A middle bet happens when two sportsbooks disagree on a spread or total by enough that a gap opens between them — a gap where both sides of your bet win. Book A has Patriots -3, Book B has Jets +4.5. If New England wins by exactly 4, you cash both tickets. If the score lands anywhere else, you lose the vig on one side and win the other, netting a small loss. That asymmetry — small loss most of the time, double win occasionally — is what makes middles positive EV.

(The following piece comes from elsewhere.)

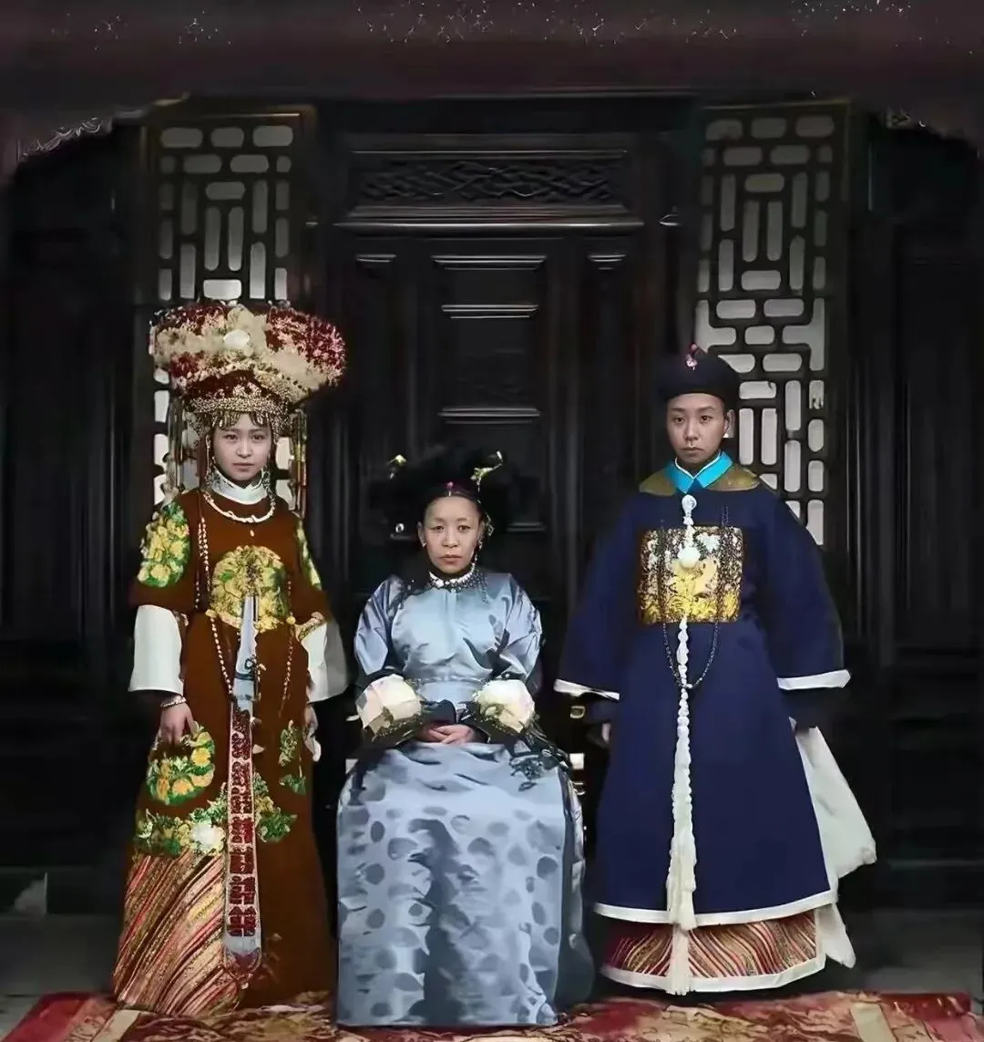 图中这身华重的礼服叫朝袍,缎面发亮,胸前挂着长长的珠串,女孩头上那一顶凤冠压得人都不敢喘大气,花丝金叶一层叠一层,站在黑漆雕花屏风前,颜色被衬得更深更稳,奶奶看见说当年缝金线得眯着眼一针一线来,错半指都不成。

Unlike arbitrage, middles don’t guarantee profit on every outcome. You’re paying a known cost (vig on both bets) for a probability-weighted shot at a much larger payout. The edge comes from the math: when the expected value of the double-win scenario exceeds the expected vig drag, you have a bet worth making. Automating the detection of these opportunities is straightforward once you understand the underlying math.
Middling Math
The core question is simple: does the probability of the final score landing in the middle zone, multiplied by the double-win payout, exceed the cost of the combined vig?
A Concrete Example
Book A offers Patriots -3 (-110). Book B offers Jets +4.5 (-110). You bet $110 to win $100 on each side.
Three outcome scenarios:
| Scenario | Pats Win By | Book A Bet | Book B Bet | Net |
|---|---|---|---|---|
| Middle hits | Exactly 4 | Win +$100 | Win +$100 | +$200 |
| Pats cover both | 5 or more | Win +$100 | Lose -$110 | -$10 |
| Jets cover both | Pats win by 0-2, or lose | Lose -$110 | Win +$100 | -$10 |
If the middle doesn’t hit, you lose $10 (the vig differential). If it hits, you win $200. The middle zone here is a single number — Patriots win by exactly 4. In NFL games, the probability of any specific margin occurring is roughly 3-6% depending on the number, with key numbers like 3 and 7 hitting at the high end of that range.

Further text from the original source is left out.